** AVAILABLE DATA follows **

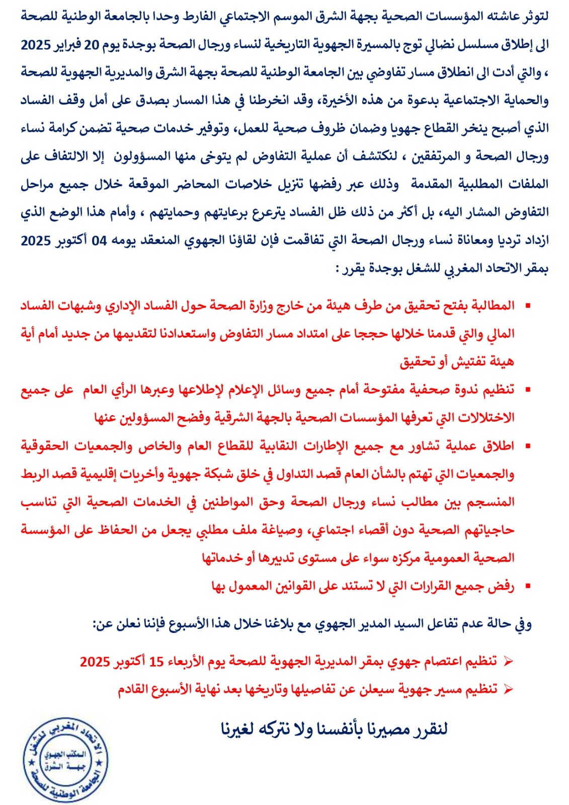 في ظل هذه الظرفية الاستثنائية وبدل أن يعمل المسؤولون على القطاع مركزيا على الاستجابة الى مطالب نساء ورجال الصحة نظرا لارتباطها الوثيق بتوفير خدمات صحية في مستوى حاجيات المواطنين، عملوا على تحميل مسؤولية الاختلالات التي يعرفها القطاع على جميع مستوياته لنساء ورجال الصحة عبر تصريحات رسمية كانت أبرزها تصريحات وزير الصحة خلال زيارته لمجموعة من المؤسسات الصحية ( اكادير، مكناس،…) وهو نفس ما قام به سلفه في زيارته الى المستشفى الإقليمي بمدينة الدريوش ، التصريحات التي أججت غضب المواطنين وراح ضحيتها موظفون عبر اعتداءات جسدية في مختلف الجهات، والجهة الشرقية لا تشكل استثناءا عن ما سلف ذكره ، إن لم نقل تشكل النمودج الأكثر سوءا على مستوى الاختلالات التي تعرفها المؤسسات الصحية ( المستشفيات ، المراكز الصحية ، وكذلك الإدارية ) والتي جعل منها المسؤولون اقطاعية لممارسة جهل بعضهم بالقانون، وسلطة مطلقة لآخرين قصد ترهيب العاملين والتغطية على فسادهم الإداري دون إغفال شبهات حو الفساد المالي، وقد شكل هذا الوضع فتيلا لتوثر عاشته المؤسسات الصحية بجهة الشرق الموسم الاجتماعي الفارط وحدا بالجامعة الوطنية للصحة الى إطلاق مسلسل نضالي توج بالمسيرة الجهوية التاريخية لنساء ورجال الصحة بوجدة يوم 20 فبراير 2025 ، والتي أدت الى انطلاق مسار تفاوضي بين الجامعة الوطنية للصحة بجهة الشرق والمديرية الجهوية للصحة والحماية الاجتماعية بدعوة من هذه الأخيرة، وقد انخرطنا في هذا المسار بصدق على أمل وقف الفساد الذي أصبح ينخر القطاع جهويا وضمان ظروف صحية للعمل، وتوفير خدمات صحية تضمن كرامة نساء ورجال الصحة و المرتفقين ، لنكتشف أن عملية التفاوض لم يتوخى منها المسؤولون إلا الالتفاف على الملفات المطلبية المقدمة وذلك عبر رفضها تنزيل خلاصات المحاضر الموقعة خلال جميع مراحل التفاوض المشار اليه، بل أكثر من ذلك ظل الفساد يترعرع برعايتهم وحمايتهم ، وأمام هذا الوضع الذي ازداد ترديا ومعاناة نساء ورجال الصحة التي تفاقمت فإن لقاؤنا الجهوي المنعقد يومه 04 أكتوبر 2025 بمقر الاتحاد المغربي للشغل بوجدة يقرر :
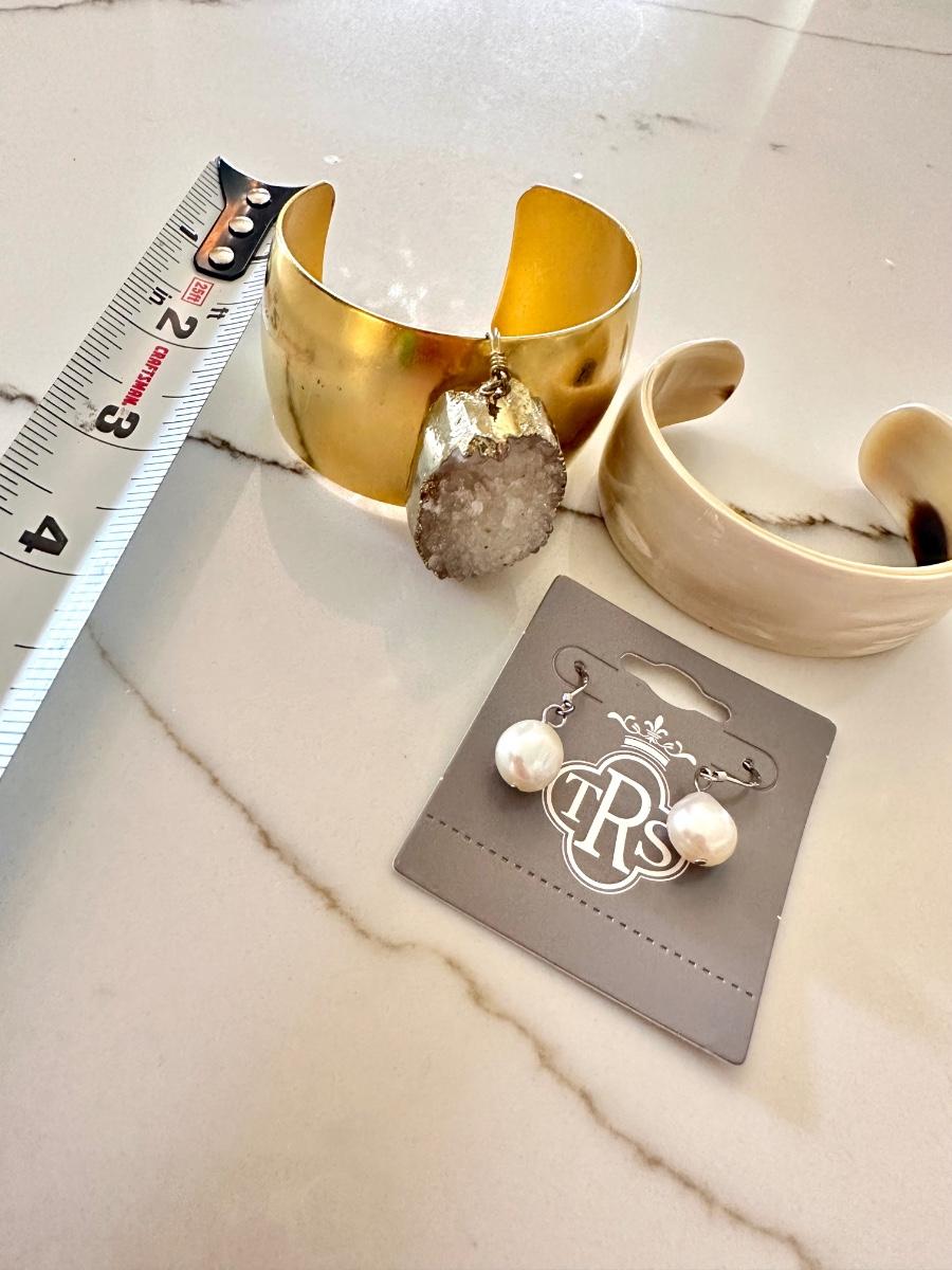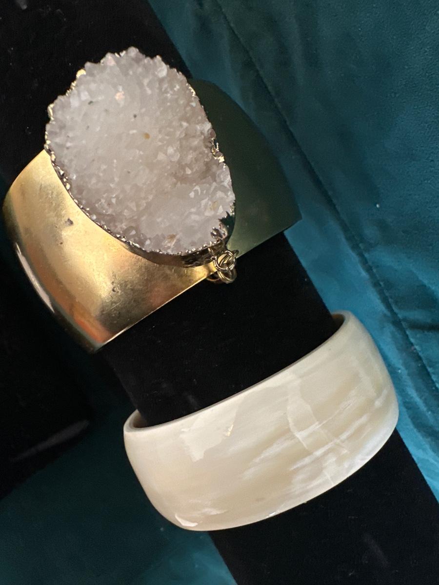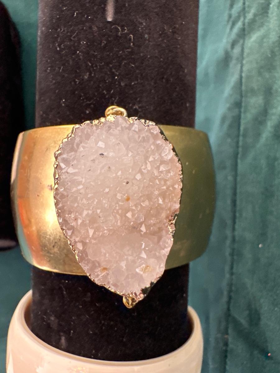 Druzy cuff Bracelet, gold tone cuff bracele and earrings
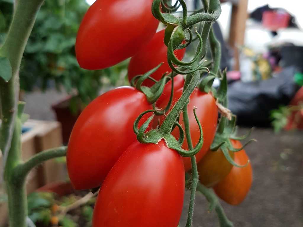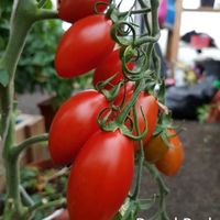 Vacker form och skarpt röd färg. Hård men saftig och super god tomat, lagras länge.
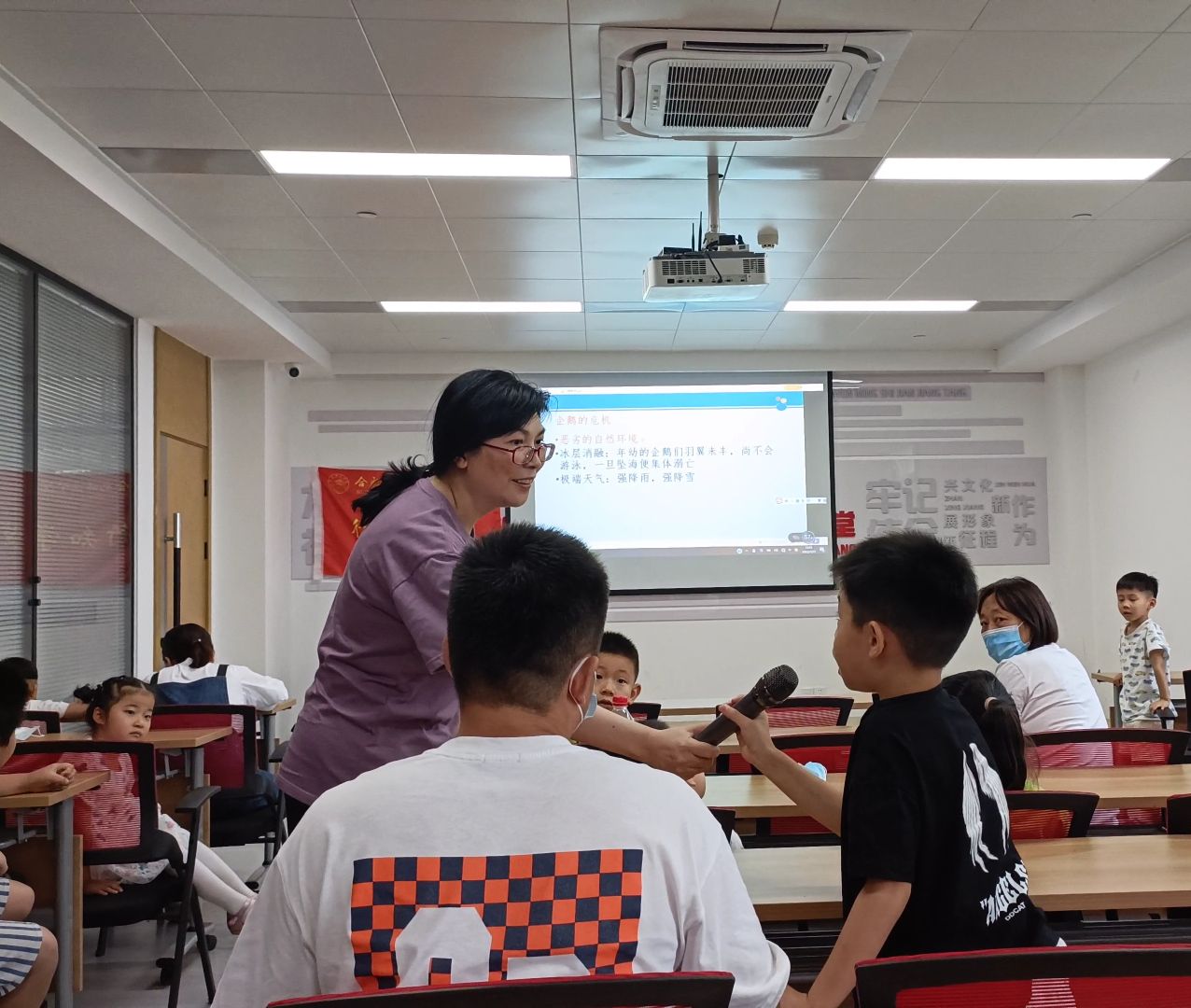 当郭教授讲解完有关企鹅家族的知识后,她提出让有疑问的小朋友举手提问,孩子们都充满好奇心的提出了许多有意思的问题如“为什么企鹅喜欢吃乌贼?”“为什么有的企鹅分布在赤道周围?”“企鹅的天敌是谁?”,郭教授耐心地向小朋友们讲解,给他们充分表达自己观点的机会,课堂的氛围也变得更加轻松活跃。
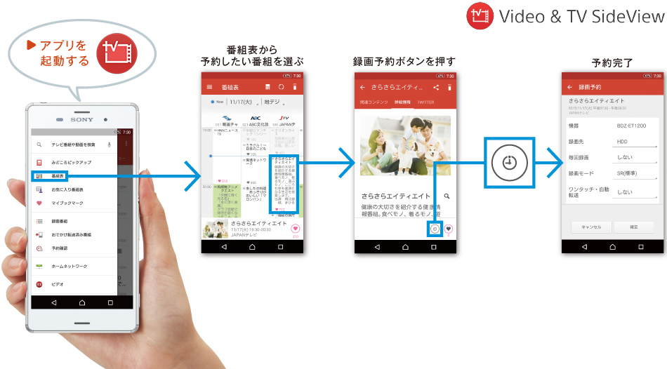 ソニーのスマートフォン向けアプリVideo & TV SideView(*)を使えば、家の中でも、外出先からでも、思い立ったそのときに録画予約できます。アプリでは、番組表だけでなく予約ランキングも確認できるので、番組の選び方が広がります。
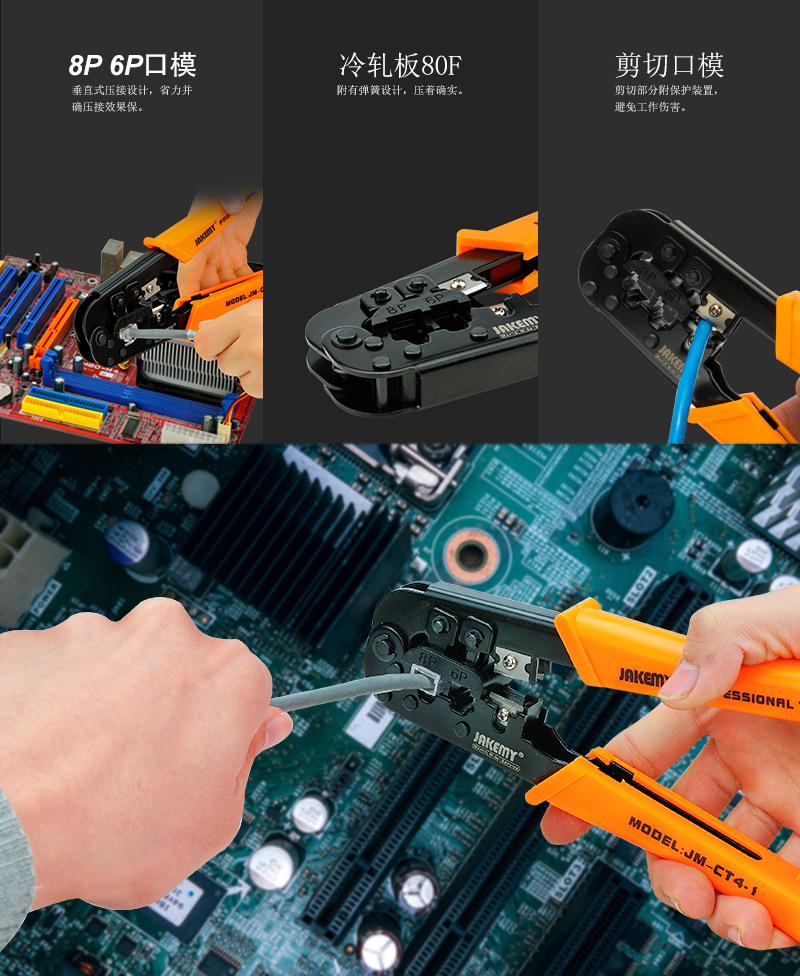 现货供应 EZ通孔高碳钢三用网线钳 网线绝缘压接钳网络端子压线钳

** End of AVAILABLE DATA **

The response must match the listing exactly, except that pictures are removed.

SOLUTION FOR THIS TASK
 في ظل هذه الظرفية الاستثنائية وبدل أن يعمل المسؤولون على القطاع مركزيا على الاستجابة الى مطالب نساء ورجال الصحة نظرا لارتباطها الوثيق بتوفير خدمات صحية في مستوى حاجيات المواطنين، عملوا على تحميل مسؤولية الاختلالات التي يعرفها القطاع على جميع مستوياته لنساء ورجال الصحة عبر تصريحات رسمية كانت أبرزها تصريحات وزير الصحة خلال زيارته لمجموعة من المؤسسات الصحية ( اكادير، مكناس،…) وهو نفس ما قام به سلفه في زيارته الى المستشفى الإقليمي بمدينة الدريوش ، التصريحات التي أججت غضب المواطنين وراح ضحيتها موظفون عبر اعتداءات جسدية في مختلف الجهات، والجهة الشرقية لا تشكل استثناءا عن ما سلف ذكره ، إن لم نقل تشكل النمودج الأكثر سوءا على مستوى الاختلالات التي تعرفها المؤسسات الصحية ( المستشفيات ، المراكز الصحية ، وكذلك الإدارية ) والتي جعل منها المسؤولون اقطاعية لممارسة جهل بعضهم بالقانون، وسلطة مطلقة لآخرين قصد ترهيب العاملين والتغطية على فسادهم الإداري دون إغفال شبهات حو الفساد المالي، وقد شكل هذا الوضع فتيلا لتوثر عاشته المؤسسات الصحية بجهة الشرق الموسم الاجتماعي الفارط وحدا بالجامعة الوطنية للصحة الى إطلاق مسلسل نضالي توج بالمسيرة الجهوية التاريخية لنساء ورجال الصحة بوجدة يوم 20 فبراير 2025 ، والتي أدت الى انطلاق مسار تفاوضي بين الجامعة الوطنية للصحة بجهة الشرق والمديرية الجهوية للصحة والحماية الاجتماعية بدعوة من هذه الأخيرة، وقد انخرطنا في هذا المسار بصدق على أمل وقف الفساد الذي أصبح ينخر القطاع جهويا وضمان ظروف صحية للعمل، وتوفير خدمات صحية تضمن كرامة نساء ورجال الصحة و المرتفقين ، لنكتشف أن عملية التفاوض لم يتوخى منها المسؤولون إلا الالتفاف على الملفات المطلبية المقدمة وذلك عبر رفضها تنزيل خلاصات المحاضر الموقعة خلال جميع مراحل التفاوض المشار اليه، بل أكثر من ذلك ظل الفساد يترعرع برعايتهم وحمايتهم ، وأمام هذا الوضع الذي ازداد ترديا ومعاناة نساء ورجال الصحة التي تفاقمت فإن لقاؤنا الجهوي المنعقد يومه 04 أكتوبر 2025 بمقر الاتحاد المغربي للشغل بوجدة يقرر :
 Druzy cuff Bracelet, gold tone cuff bracele and earrings
 Vacker form och skarpt röd färg. Hård men saftig och super god tomat, lagras länge.
 当郭教授讲解完有关企鹅家族的知识后,她提出让有疑问的小朋友举手提问,孩子们都充满好奇心的提出了许多有意思的问题如“为什么企鹅喜欢吃乌贼?”“为什么有的企鹅分布在赤道周围?”“企鹅的天敌是谁?”,郭教授耐心地向小朋友们讲解,给他们充分表达自己观点的机会,课堂的氛围也变得更加轻松活跃。
 ソニーのスマートフォン向けアプリVideo & TV SideView(*)を使えば、家の中でも、外出先からでも、思い立ったそのときに録画予約できます。アプリでは、番組表だけでなく予約ランキングも確認できるので、番組の選び方が広がります。
 现货供应 EZ通孔高碳钢三用网线钳 网线绝缘压接钳网络端子压线钳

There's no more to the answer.